Example of blinded UTXO:
Outpoint blinding secret: 8114079862469528952
Blinded outpoint: txob1kewrvnf8sjmarq65gv98lz2xrgxylpnlta8lc3p78fjxaw9qda4qkewlwr
In order to hide the amount values of each state transition from the transaction history of an asset, RGB implements a zero-knowledge mechanism developed by Blockstream called Bulletproof, which is an improved and more efficient version of Confidential Transactions already used in the Liquid sidechain. Thanks to Bulletproof, the user gains privacy from future asset owners that can see the transaction history while validating it. While they will be able to see all the UTXOs that previously owned an asset, they will not be able to see exactly which quantity has been transferred in each state transition (but thanks to the zk-proof they will still be able to verify that no hidden inflation ever happened at any point).

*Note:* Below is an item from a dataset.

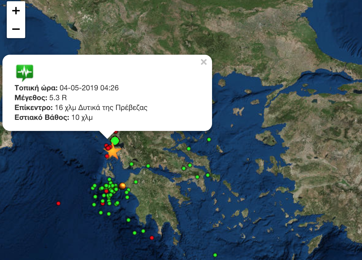 Σεισμική δόνηση 5,2 βαθμών της κλίμακας Ρίχτερ καταγράφηκε στις 04:26 στον θαλάσσιο χώρο 14 χιλιόμετρα δυτικά-βορειοδυτικά της Πρέβεζας και 294 χιλιόμετρα δυτικά-βορειοδυτικά της Αθήνας, ανακοίνωσε πριν από λίγο το Γεωδυναμικό Ινστιτούτο του Εθνικού Αστεροσκοπείου Αθηνών, εκ μέρους των τεσσάρων φορέων συγκρότησης του Εθνικού Σεισμολογικού Δικτύου.

For an RGB transfer to be successful, the clients involved need to share with each other some data. Specifically, the sender needs to share with the receiver(s) the consignment, which is a data structure containing all the information needed to validate the transfer, including all the history of previous state transitions up the genesis contract.
RGB is agnostic about the communication channel used for this data sharing operation, and it can happen in many different ways. While potentially it would be possible to share consignment data even via pigeon carriers, more practical digital communication channels have been implemented in RGB software. Currently, there are two main ways to share data in RGB:
- RGB proxy server: a standardised HTTP JSON-RPC server where clients can upload and download data. A user can run his own proxy server, or use the server of a third party. Relying on a third party server has privacy and censorship implications, but not security ones.
The coordination over the choice of the communication channel to use happens over an invoice protocol, where the receiver provides one or more endpoints where the sender can upload the consignment data.